Polyethylene glycol (PEG) and other bioactive solutions with neurorrhaphy for rapid and dramatic repair of peripheral nerve lesions by PEG-fusion
Cameron L Ghergherehchi, Michelle Mikesh, Dale R Sengelaub, David M Jackson, Tyler Smith, Jacklyn Nguyen, Jaimie T Shores, George D Bittner, Cameron L Ghergherehchi, Michelle Mikesh, Dale R Sengelaub, David M Jackson, Tyler Smith, Jacklyn Nguyen, Jaimie T Shores, George D Bittner
Abstract
Background: Nervous system injuries in mammals often involve transection or segmental loss of peripheral nerves.
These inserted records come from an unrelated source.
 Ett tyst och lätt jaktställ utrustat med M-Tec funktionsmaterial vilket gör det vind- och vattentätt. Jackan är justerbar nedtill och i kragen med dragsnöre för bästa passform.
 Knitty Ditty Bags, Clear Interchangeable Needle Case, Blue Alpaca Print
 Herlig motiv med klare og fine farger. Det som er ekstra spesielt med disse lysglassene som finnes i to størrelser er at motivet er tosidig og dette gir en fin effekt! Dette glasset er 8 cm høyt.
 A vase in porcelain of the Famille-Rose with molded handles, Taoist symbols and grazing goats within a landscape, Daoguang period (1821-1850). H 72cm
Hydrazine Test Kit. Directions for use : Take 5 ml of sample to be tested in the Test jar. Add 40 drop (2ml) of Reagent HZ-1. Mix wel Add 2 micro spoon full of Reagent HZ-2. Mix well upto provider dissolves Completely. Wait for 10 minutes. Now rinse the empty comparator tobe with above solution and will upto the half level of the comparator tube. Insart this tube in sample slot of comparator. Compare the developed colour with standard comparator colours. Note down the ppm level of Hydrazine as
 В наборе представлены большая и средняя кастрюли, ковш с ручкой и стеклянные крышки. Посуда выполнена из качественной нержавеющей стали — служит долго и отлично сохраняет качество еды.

Such injuries result in functional (behavioral) deficits poorly restored by naturally occurring 1-2 mm/d axonal outgrowths aided by primary repair or reconstruction. "Neurorrhaphy" or nerve repair joins severed connective tissues, but not severed cytoplasmic/plasmalemmal extensions (axons) within the tissue.
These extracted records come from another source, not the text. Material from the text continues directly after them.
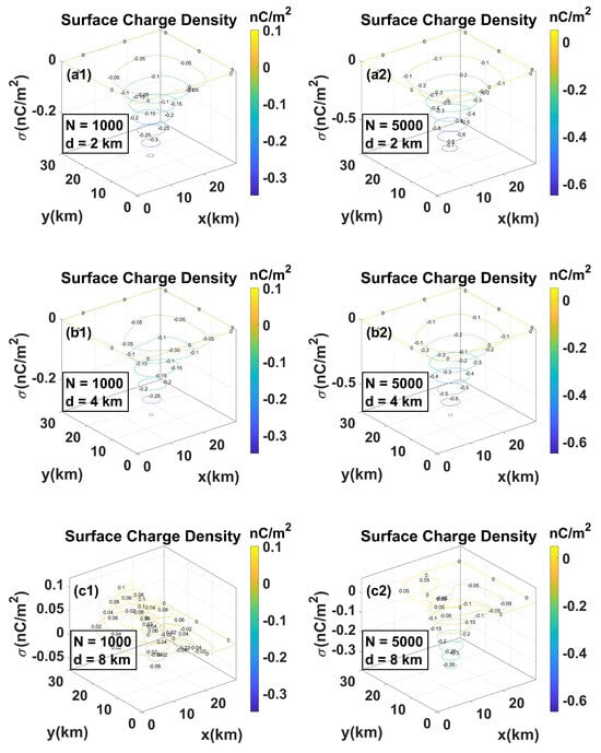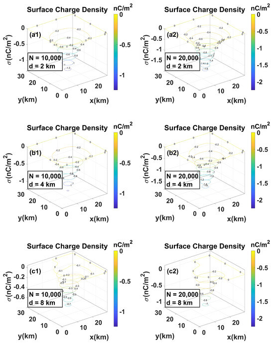 Variations in surface charge density in pyroCb for aerosol concentrations: 10,000 cm−3 (a1–c1) and 20,000 cm−3 (a2–c2).
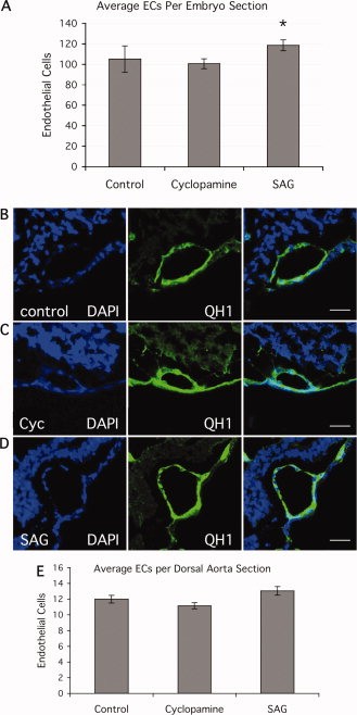 Figure 4. The number of cells comprising vascular structures is little changed after inhibition or activation of hedgehog (Hh) signaling. After experimental treatment, quail embryos were stained with QH1 to detect angioblasts and DAPI (4â²,6-diamidine-2-phenylidole-dihydrochloride) to mark nuclei. A: Endothelial cell (EC) number was determined by counting number of nuclei corresponding to QH1 stained cells. Five sections were counted for each embryo, with at least three embryos for each treatment. The number of ECs in SAG treated embryos is significantly different from controls and cyclopamine-treated embryos (asterisk). BâD: Determination of number of ECs comprising the dorsal aortae (DA). Confocal images of sections at approximately the level of the fifth somite. From left to right the panels show DAPI stain, QH1 stain and the merged image. Representative images are shown for a single DA in control (B), cyclopamine-treated (C) and SAG-treated embryos (D). Scale bar = 100 μm. E: Number of cells contributing to the wall of the DA. DAPI-stained nuclei contained in the wall of the vessels (QH1 stained) were counted. Cells in both DA were counted in at least five sections per embryo, for at least three embryos for each treatment. Despite differences in the size of the vessels, the number of ECs comprising the walls was unchanged by the different treatments.Download figure to PowerPoint
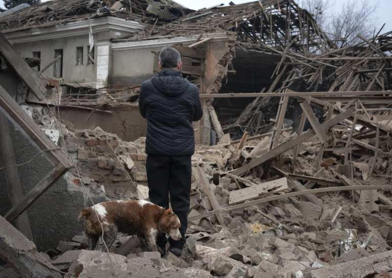 Budova po nočnom ruskom raketovom útoku v Slovjansku. Foto: archívne, SITA/AP
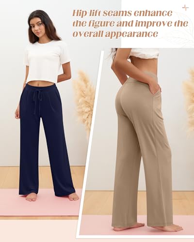 • Considerate and Fashionable Design: the women's wide leg yoga pants feature wide leg, elastic waistband, side pockets and butt-lifting seams which have enough room for storing smartphones and adjust the waistline of pants for women

New method: PEG-fusion consists of neurorrhaphy combined with a well-defined sequence of four pharmaceutical agents in solution, one containing polyethylene glycol (PEG), applied directly to closely apposed viable ends of severed axons.
Results: PEG-fusion of rat sciatic nerves: (1) restores axonal continuity across coaptation site(s) within minutes, (2) prevents Wallerian degeneration of many distal severed axons, (3) preserves neuromuscular junctions, (4) prevents target muscle atrophy, (5) produces rapid and improved recovery of voluntary behaviors compared with neurorrhaphy alone, and (6) PEG-fused allografts are not rejected, despite no tissue-matching nor immunosuppression.
Comparison with existing methods: If PEG-fusion protocols are not correctly executed, the results are similar to that of neurorrhaphy alone: (1) axonal continuity across coaptation site(s) is not re-established, (2) Wallerian degeneration of all distal severed axons rapidly occurs, (3) neuromuscular junctions are non-functional, (4) target muscle atrophy begins within weeks, (5) recovery of voluntary behavior occurs, if ever, after months to levels well-below that observed in unoperated animals, and (6) allografts are either rejected or not well-accepted.
Conclusion: PEG-fusion produces rapid and dramatic recovery of function following rat peripheral nerve injuries.
Keywords: Allograft; Neuromuscular junction re-innervation; Neurorrhaphy; Peripheral nerve injury; Polyethylene glycol fusion; Rat sciatic nerve repair; Wallerian degeneration.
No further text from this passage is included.